Task 2: setup the submodule
Run the runtimes.py
file.
You should get a ModuleNotFoundError
that looks something like
$ python3 runtimes.py
Traceback (most recent call last):
File "runtimes.py", line 9, in <module>
from sorting.sorting import merge_sorted, quick_sorted
ModuleNotFoundError: No module named 'sorting'
NOTE: In the code block above, I put both the command and the entire output of the command. Before the code block, I put a short summary of my steps using English intermixed with inline-code.

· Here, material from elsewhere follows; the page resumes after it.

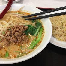イオンタウンに買い物に行った際、昼食で利用しました。フードコート内の一店です。万福餡という麺の店と餃子の店が一緒になってい... 続きを読むます。本当は餃子と麺が食べたかったのですが店の立て看板のセットメニューにその組み合わせがなかったので麺+半炒飯セット730円(税込)にしました。麺も半炒飯も各々4種類ありますがタンタン麺と高菜半炒飯にしました。会計を済ませると専用端末を渡されます。テーブルで待っているとその端末が出来上がりを知らせてくれます。タンタン麺はスープが程良い辛さで細いちぢれ麺も美味しかったです。スープは高菜半炒飯ともよく合いました。適量でお薦めです。注文時に羽根つき餃子5個(300円)をプラスしていたら多過ぎたかもしれません。次回は麺単品と餃子にしてみようと思います。

When reporting error messages, it is standard to have a short English language summary and a full output of the error message in a code block. (Even if the output is hundreds of lines long, people will still include the full output, since all of those lines provide important information.) If you report your errors in this same way (e.g. on github issues/stackoverflow), you will be more likely to get good help from people.
The problem is that the runtimes.py
file is trying to load the functions that you wrote in the sorting homework,
but it can't find those files.
The most obvious way to get access to those files is to clone your sorting homework into the repository.
BUT DON'T DO THIS!
It is never a good idea to clone one git repository inside another repository directly.
Instead, we will use something called a git submodule which will allow the two git repositories to "talk" to each other when needed.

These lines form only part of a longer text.